If ever a work of music trailed the heavenly clouds of glory, it would be Handel’s Messiah. Contemporary secularism can’t kill its spirit, nor its ability to lift us into a lofty realm, and in that sense, we are not too far removed from its first eager audience in 1742, when the Dublin Protestant Ascendancy class thronged into Fishamble Street, and, reported the Dublin Journal, considered it the “finest Composition of Musick that ever was heard”.

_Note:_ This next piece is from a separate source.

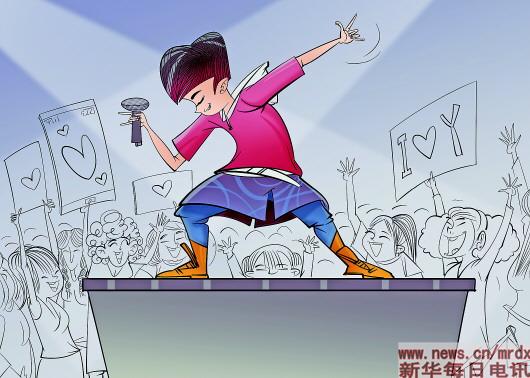 漫畫:曹一 早上七點一刻,小韓照例被鬧鐘喚醒。拿起手機,映入眼簾的是一條來自某偶像后援會的推送信息:“為他點贊,不可缺席!日常轉(zhuǎn)評贊開始啦!” 前一秒還睡眼惺忪的小韓立刻清醒過來,隨手打開鏈接,為偶像參與的娛樂節(jié)目轉(zhuǎn)發(fā)、評論、點贊。這便是她作為一名“粉絲”的日常。 近年來,伴隨諸多網(wǎng)絡(luò)選秀節(jié)目熱播以及移動互聯(lián)網(wǎng)在青少年中的深度普及,粉絲經(jīng)濟和偶像產(chǎn)業(yè)在我國獲得長足發(fā)展。從過去的仰視明星,到如今的“偶像養(yǎng)成”,粉絲群體“用愛發(fā)電”決定著偶像明星的成長方向和商業(yè)價值。 然而,在繁榮娛樂產(chǎn)業(yè)、形成“進口替代”的同時,流量當(dāng)?shù)?、顏值至上的“養(yǎng)成模式”,“一切以愛豆利益為中心”的價值導(dǎo)向和圈層文化,也給粉絲經(jīng)濟投下了陰影。(編者注:“愛豆”即英文“idol”——偶像的音譯。) “偶像養(yǎng)成”時代到來 國產(chǎn)偶像替代“進口” 3月6日,以選秀明星楊超越的名義舉辦的“第一屆超越杯編程大賽”正式開始,很快登上微博熱搜榜,引起大眾廣泛關(guān)注。比賽主辦方“百度楊超越貼吧”稱,本屆比賽要求參賽者“做任何與楊超越相關(guān)的產(chǎn)品都可以,游戲、網(wǎng)頁、工具等等”。截至報名結(jié)束,已有690人通過審核成功報名,更有數(shù)千人預(yù)約了比賽現(xiàn)場直播。 2018年,視頻直播平臺愛奇藝、騰訊相繼推出綜藝節(jié)目《偶像練習(xí)生》和《創(chuàng)造101》,分別帶火了偶像男團和女團。以此為標(biāo)志,2018年被業(yè)界稱為中國的“偶像團體元年”。 今年初,《以團之名》《青春有你》等選秀節(jié)目又再次霸屏,“偶像養(yǎng)成”之風(fēng)持續(xù)發(fā)酵。麥銳娛樂董事長王叢表示,之前這些相對小眾的“飯圈”人物如今獲得了更多曝光度,開始“出圈”并走向大眾,偶像產(chǎn)業(yè)獲得前所未有的發(fā)展機遇。 在辰海資本合伙人陳悅天看來,粉絲經(jīng)濟是伴隨偶像產(chǎn)業(yè)出現(xiàn)的,中國的偶像產(chǎn)業(yè)與傳統(tǒng)大藝人經(jīng)紀(jì)體系完全不同——后者是影視藝人和歌手,通過作品出道,主要變現(xiàn)方式是拍廣告、拍劇,收入并不依賴粉絲;而這兩年中國偶像產(chǎn)業(yè)主要從日韓發(fā)源,以唱跳歌舞為主,多以組合出道,他們大多數(shù)收入依賴消費端粉絲的直接付費,比如線上打賞與眾籌、線下包場與后援,形成了“偶像養(yǎng)成”模式。 這些龐大的數(shù)字見證了粉絲經(jīng)濟在互聯(lián)網(wǎng)時代迸發(fā)出的強大能量,也支撐起資本進入市場的決心。從Dior、Gucci等高奢品牌紛紛邀請“流量小生”擔(dān)任“品牌大使”,到《偶像練習(xí)生》《創(chuàng)造101》動輒上千萬元的集資應(yīng)援,再到不少電商平臺針對粉絲群體推出快消品牌定制款,粉絲經(jīng)濟的巨大潛能正在引起商業(yè)界的關(guān)注。 粉絲的追星舉動甚為狂熱。2015年11月8日,TFBoys組合中王源的粉絲在美國紐約時代廣場1號大廈LED大屏上為其播放15歲生日祝福視頻,該視頻也登上上海外灘6000平方米的戶外大屏和其他14個一二線城市的戶外LED,一時間成為娛樂圈熱門話題。 陳悅天說,中國的文化與內(nèi)容產(chǎn)業(yè)近幾年經(jīng)歷了一次“進口替代”過程。本土游戲差不多用了10年趕上世界先進水平,動漫只用了5年,國內(nèi)偶像產(chǎn)業(yè)與粉絲經(jīng)濟這兩年剛剛起步,預(yù)計需要5到10年在文化技術(shù)和模式養(yǎng)成方面達到日韓現(xiàn)有水平。 “現(xiàn)在已經(jīng)可以看到比較明顯的‘進口替代’效應(yīng)。5年前國內(nèi)粉絲大部分迷戀的還是日韓偶像,現(xiàn)在已經(jīng)大部分轉(zhuǎn)向國內(nèi)偶像”,陳悅天認(rèn)為,這種發(fā)展態(tài)勢很好,畢竟每一個國家的文化產(chǎn)品都有自己的價值觀在里面。 蒂壹娛樂經(jīng)紀(jì)有限公司董事長司捷表示,近年來國內(nèi)偶像產(chǎn)業(yè)得以迅速發(fā)展,產(chǎn)業(yè)鏈也逐漸完善?!笆聦嵣享n國1998年開始推動文化立國時,也對日本和歐美國家的文化產(chǎn)品進口尤其是藝人演出經(jīng)紀(jì)方面進行了諸多限制。跟經(jīng)濟產(chǎn)業(yè)一樣,文化產(chǎn)業(yè)都是需要進口替代、培育本國產(chǎn)業(yè)的,完全的市場開放只會造成完全的拱手于人?!?/p> 文化產(chǎn)業(yè)尤其是偶像產(chǎn)業(yè)能夠?qū)ζ渌?jīng)濟產(chǎn)業(yè)帶來難以估量的帶動作用。司捷介紹說,“韓流帶動了韓國汽車、美妝和電子產(chǎn)品在各國流行,看到自己喜愛的明星用什么產(chǎn)品,自己就想用什么產(chǎn)品,這是粉絲的普遍心理?!?/p> 他表示,我國的《偶像練習(xí)生》和《創(chuàng)造101》等偶像養(yǎng)成類節(jié)目已經(jīng)火到了東南亞,并期待這一快速發(fā)展的勢頭保持延續(xù)?!傲餍形幕歉鲊裥南嗤ㄓ绕涫悄贻p人溝通的最重要橋梁之一,流行文化、偶像文化‘走出去’,也是文化自信和文化軟實力的重要組成部分?!?/p> “被裹挾的狂熱” 地上霸屏,天上“買星” “偶像養(yǎng)成”的風(fēng)潮為粉絲們帶來了一場場娛樂盛宴。而隨著偶像產(chǎn)業(yè)日趨多元化和精細化,粉絲們與偶像的關(guān)系愈發(fā)緊密。后援會、粉絲團、打投組……伴隨著粉絲團體的不斷擴

In a good performance of such a celebrated work, something new and distinctive may well emerge, as well as all the comfortably familiar glories of the score. Tonight, for example, in the University of Maryland Concert Choir/NSO’s performance, what stood out to me, as newly distinctive, was the chorus of scoffers “He trusted in God”. In the interlacing of voices, the timing of breaths, the rasp of precise articulation, and the hissing of sibilants, it was as if we were made to hear the mocking and catcalls of the Pharisees in Holy Week. That was powerful and real. So also with the word painting evoking the stripes of the Christ’s passion: voices were jagged, the rhythm whip-crack sharp. These, among others, were very decisive and appropriate moments in the interpretation: well-observed incidents of musical narration. The very word ‘oratorio’ means pulpit, and thus it is meant to preach in its way.
There was lovely, rhythmic partnership between soloist, counter-tenor, Christopher Ainslie, orchestra, and chorus in “O Thou that Tellest good tidings”. Joélle Harvey had a sweet vibrated soprano voice; she was complemented by feathery light voices sopranos in the chorus. Smooth-sounding though they were, one could have done with a bit more weight from James Kryshak the tenor and Douglas Williams, the bass-baritone. It was a Messiah without a huge emphasis on the lower range, and thus lacked a certain richness and layering.